Records ::
------------------------------------------------

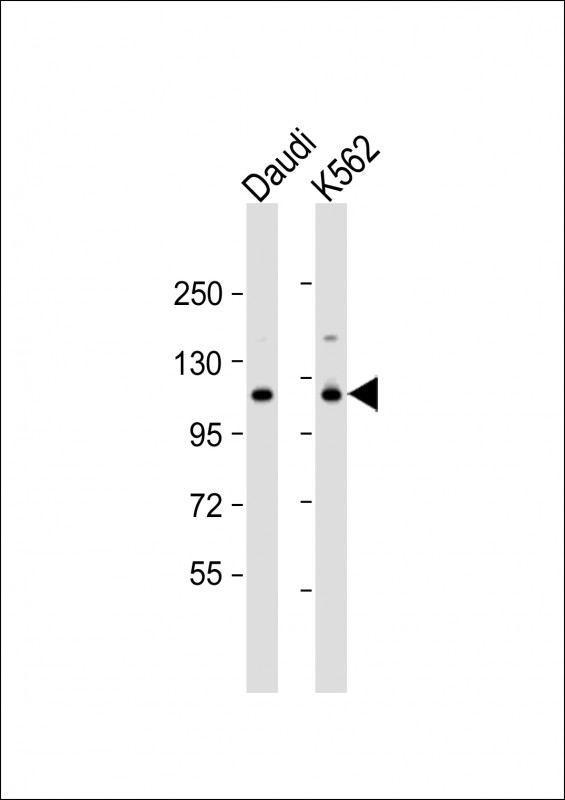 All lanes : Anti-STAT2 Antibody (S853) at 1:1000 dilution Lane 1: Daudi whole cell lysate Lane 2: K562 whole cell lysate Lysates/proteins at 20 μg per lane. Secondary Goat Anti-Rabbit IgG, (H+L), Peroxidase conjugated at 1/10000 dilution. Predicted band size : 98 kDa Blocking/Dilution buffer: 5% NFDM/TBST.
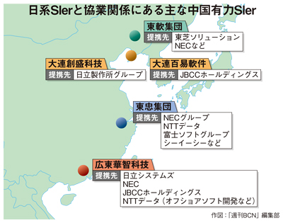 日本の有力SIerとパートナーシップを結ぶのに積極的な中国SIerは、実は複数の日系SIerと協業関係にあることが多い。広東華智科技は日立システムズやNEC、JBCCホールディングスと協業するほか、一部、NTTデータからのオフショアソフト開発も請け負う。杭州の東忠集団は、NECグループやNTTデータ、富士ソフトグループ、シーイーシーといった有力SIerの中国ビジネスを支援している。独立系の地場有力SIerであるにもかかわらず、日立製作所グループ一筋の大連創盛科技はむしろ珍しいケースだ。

------------------------------------------------

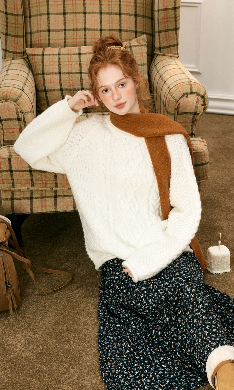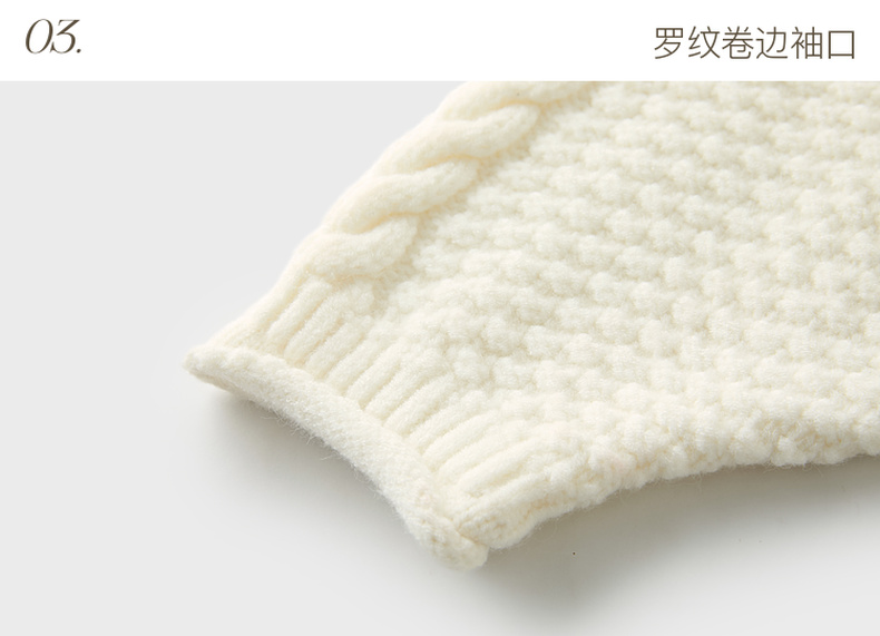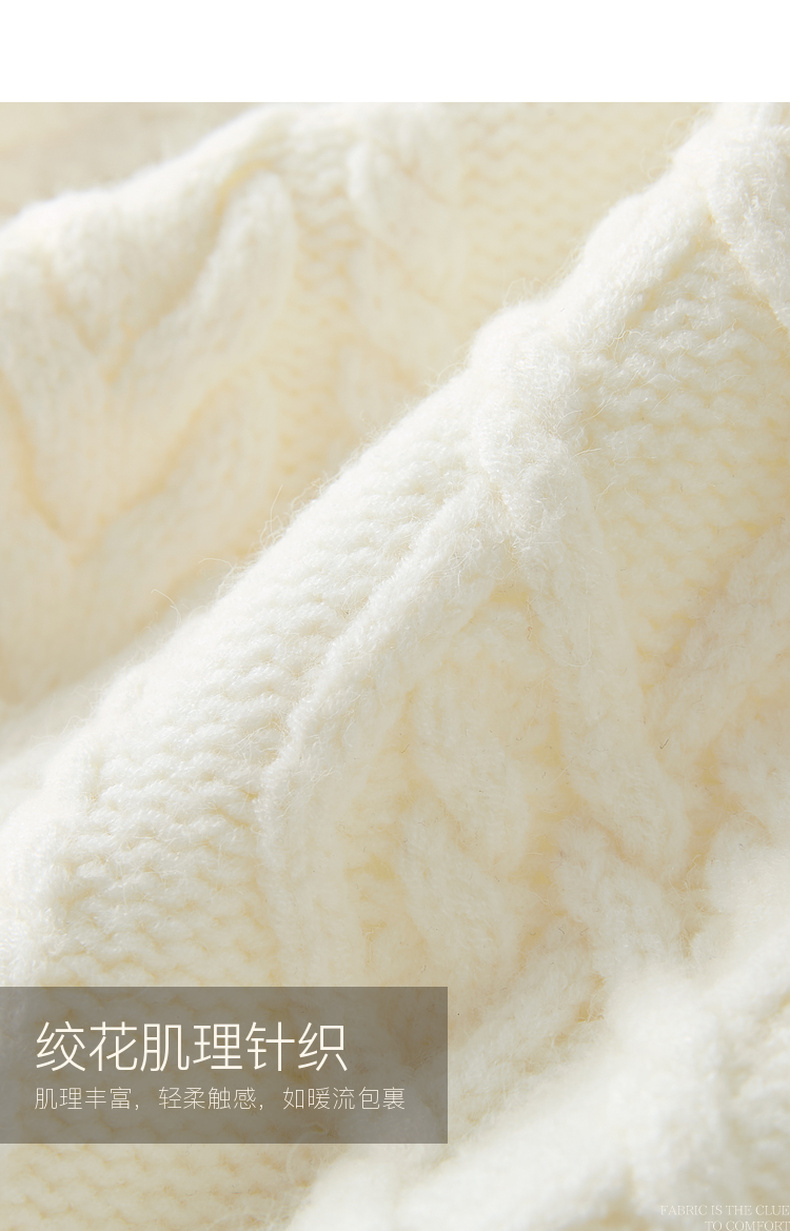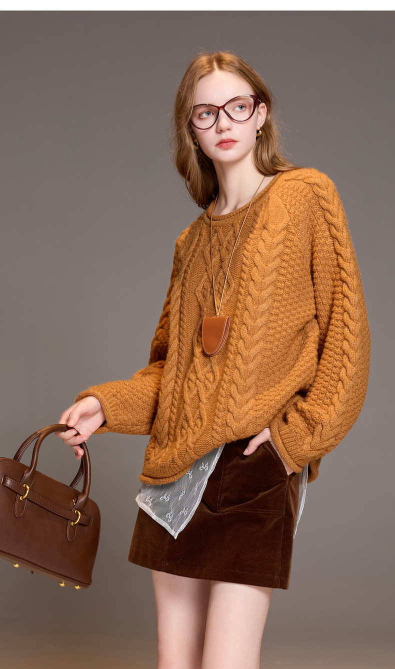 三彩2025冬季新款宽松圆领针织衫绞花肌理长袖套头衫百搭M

------------------------------------------------

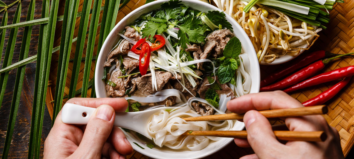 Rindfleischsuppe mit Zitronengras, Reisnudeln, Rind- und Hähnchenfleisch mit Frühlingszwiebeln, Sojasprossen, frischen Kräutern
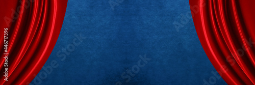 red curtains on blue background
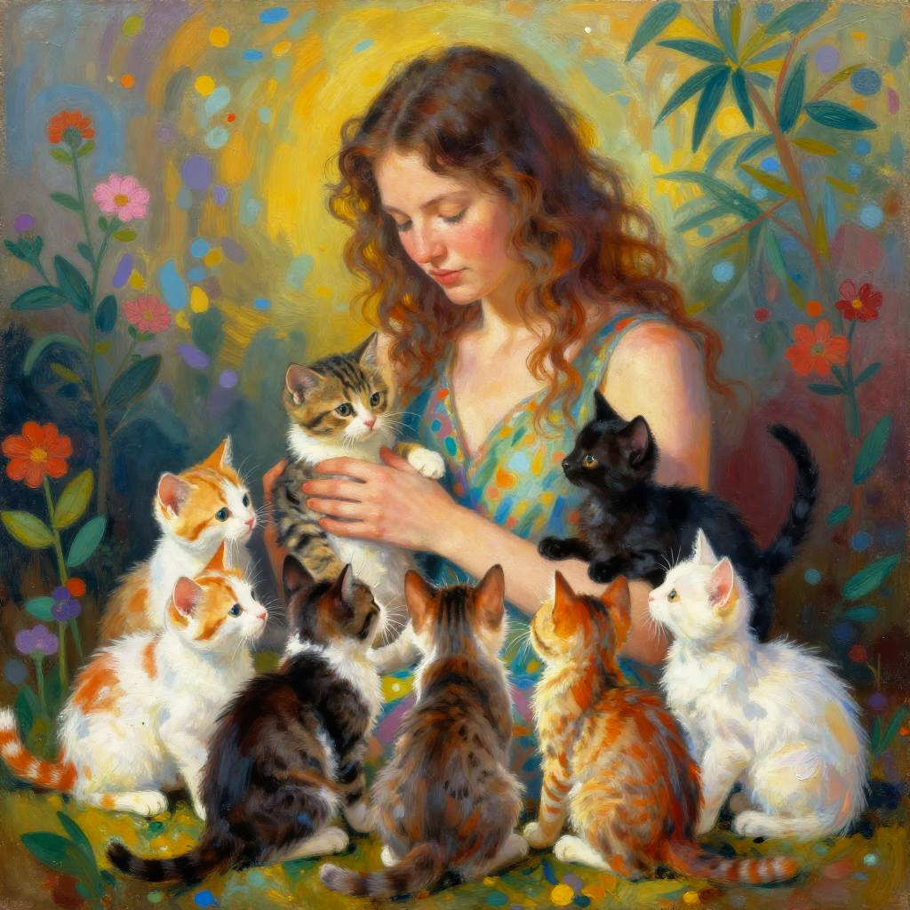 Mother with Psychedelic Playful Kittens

------------------------------------------------

Instructions for the task ::
I'd like the lines above repeated exactly, from the one that contains "All lanes : Anti-STAT2" through the one that contains "日本の有力SIerとパートナ", with no pictures.

Task response ::
 All lanes : Anti-STAT2 Antibody (S853) at 1:1000 dilution Lane 1: Daudi whole cell lysate Lane 2: K562 whole cell lysate Lysates/proteins at 20 μg per lane. Secondary Goat Anti-Rabbit IgG, (H+L), Peroxidase conjugated at 1/10000 dilution. Predicted band size : 98 kDa Blocking/Dilution buffer: 5% NFDM/TBST.
 日本の有力SIerとパートナーシップを結ぶのに積極的な中国SIerは、実は複数の日系SIerと協業関係にあることが多い。広東華智科技は日立システムズやNEC、JBCCホールディングスと協業するほか、一部、NTTデータからのオフショアソフト開発も請け負う。杭州の東忠集団は、NECグループやNTTデータ、富士ソフトグループ、シーイーシーといった有力SIerの中国ビジネスを支援している。独立系の地場有力SIerであるにもかかわらず、日立製作所グループ一筋の大連創盛科技はむしろ珍しいケースだ。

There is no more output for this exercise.